Segment Start: Entries shown
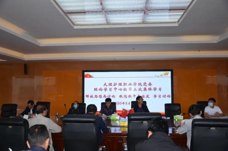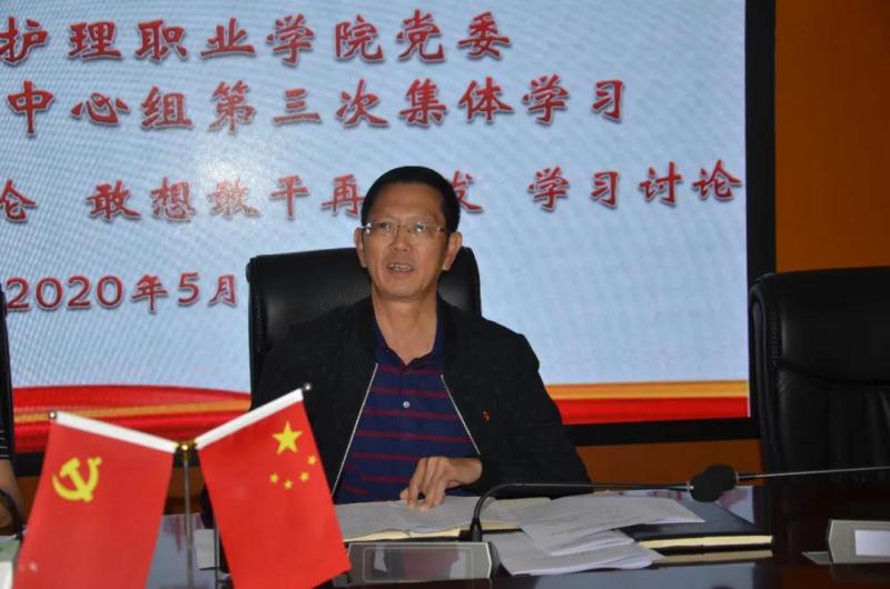 5月27日下午,bat365中文官方网站党委理论学习中心组举行2020年第三次集中学习,组织学习《党委(党组)落实全面从严治党主体责任规定》,动员部署“解放思想再讨论、敢想敢干再出发”活动,引导学院党员干部解放思想、转变作风、敢想敢干、担当作为,统筹推进常态化疫情防控和学院各项工作,奋力推进学院高质量可持续发展。学院党政领导干部及各处(室)、系(部)负责人、党支部书记参加集体学习。会议由院党委书记王荣富主持,并作动员讲话。
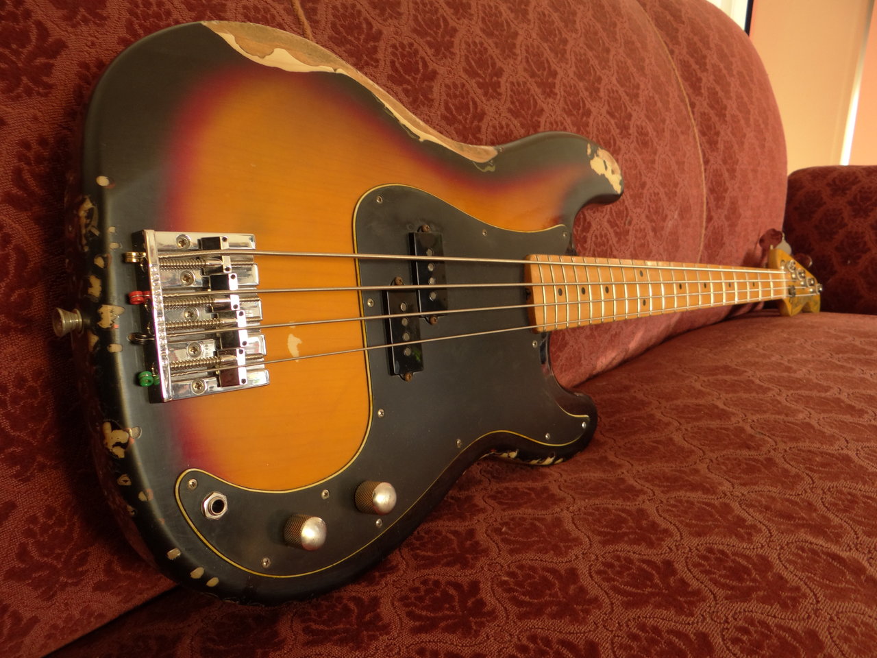 Fender Mexico aged by me, Aged Pickguard, Preci Neck aus USA(irgendeine Japan Copy) Fender Roas Worn Pickup, BadAss II aus USA für ich glaube nicht mal 45 € inkl. Zoll, der Dollarkurs war ein super(nicht so niedrig wie Mitte 2016, aber Ok) und die Preis für Parts in USA sehr niedrig.
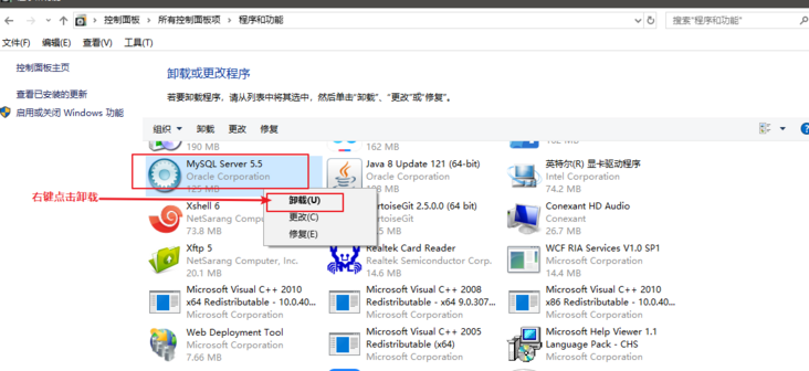 安装程序。找到控制面板--> 程序和功能,卸载
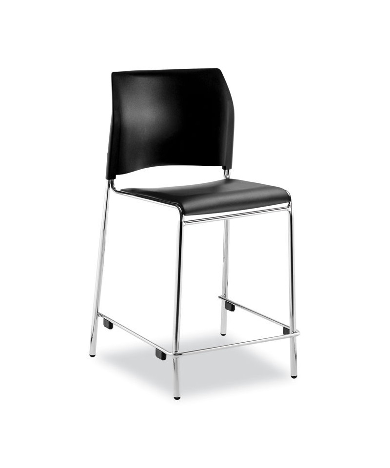 Gorgeous, modern looking seat and back, mounted to a taller four-legged frame in counter height with a 24" high seat. 18-gauge 7/8" tubing. Solid 1" plastic stacking glides. Back design provides ergonomic support. Matched to the Cafetorium Chairs we now offer a solution for the entire cafeteria seating environment.
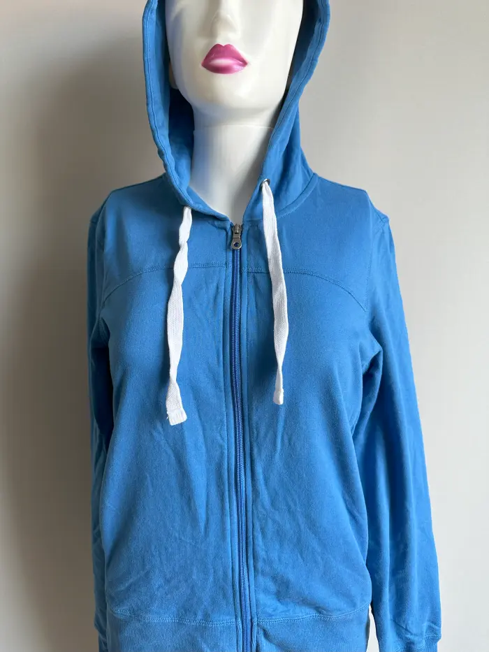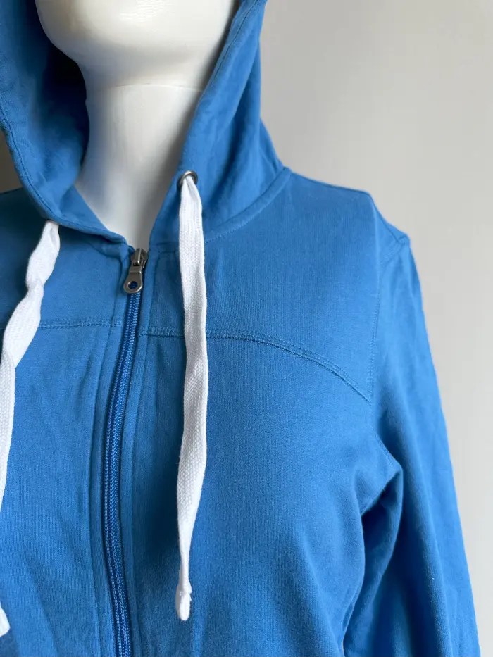 Un hanorac cu glugă, buzunare laterale și fermoar, de culoare albastră, pentru damă este o piesă vestimentară practică și modernă, ideală pentru un look casual sau sport. Gluga reglabilă cu șnur oferă protecție împotriva vântului și frigului, aducând în același timp un aer relaxat ținutei. Fermoarul frontal, care se întinde pe toată lungimea hanoracului, permite o îmbrăcare și o dezbrăcare rapidă, precum și ajustarea gradului de confort termic.
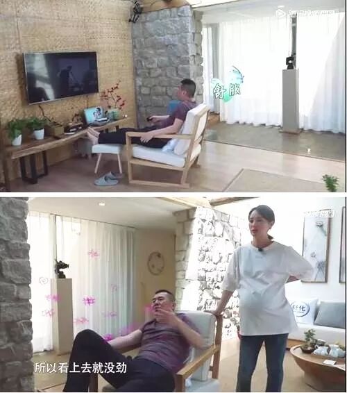 在节目中,陈建斌躺在沙发上看电视,不做饭,蒋勤勤大着肚子却在做饭;
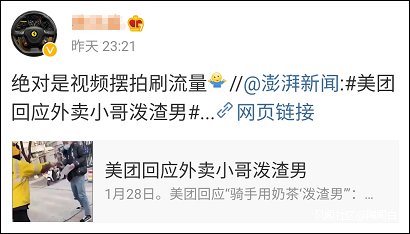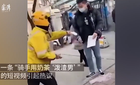 外賣小哥用奶茶潑渣男?美團回應了,但這真不是擺拍?_風聞
Segment End: Entries shown
● **What this task involves**
Reproduce the data above word for word and omit the images.

● **Solution for this exercise**
 5月27日下午,bat365中文官方网站党委理论学习中心组举行2020年第三次集中学习,组织学习《党委(党组)落实全面从严治党主体责任规定》,动员部署“解放思想再讨论、敢想敢干再出发”活动,引导学院党员干部解放思想、转变作风、敢想敢干、担当作为,统筹推进常态化疫情防控和学院各项工作,奋力推进学院高质量可持续发展。学院党政领导干部及各处(室)、系(部)负责人、党支部书记参加集体学习。会议由院党委书记王荣富主持,并作动员讲话。
 Fender Mexico aged by me, Aged Pickguard, Preci Neck aus USA(irgendeine Japan Copy) Fender Roas Worn Pickup, BadAss II aus USA für ich glaube nicht mal 45 € inkl. Zoll, der Dollarkurs war ein super(nicht so niedrig wie Mitte 2016, aber Ok) und die Preis für Parts in USA sehr niedrig.
 安装程序。找到控制面板--> 程序和功能,卸载
 Gorgeous, modern looking seat and back, mounted to a taller four-legged frame in counter height with a 24" high seat. 18-gauge 7/8" tubing. Solid 1" plastic stacking glides. Back design provides ergonomic support. Matched to the Cafetorium Chairs we now offer a solution for the entire cafeteria seating environment.
 Un hanorac cu glugă, buzunare laterale și fermoar, de culoare albastră, pentru damă este o piesă vestimentară practică și modernă, ideală pentru un look casual sau sport. Gluga reglabilă cu șnur oferă protecție împotriva vântului și frigului, aducând în același timp un aer relaxat ținutei. Fermoarul frontal, care se întinde pe toată lungimea hanoracului, permite o îmbrăcare și o dezbrăcare rapidă, precum și ajustarea gradului de confort termic.
 在节目中,陈建斌躺在沙发上看电视,不做饭,蒋勤勤大着肚子却在做饭;
 外賣小哥用奶茶潑渣男?美團回應了,但這真不是擺拍?_風聞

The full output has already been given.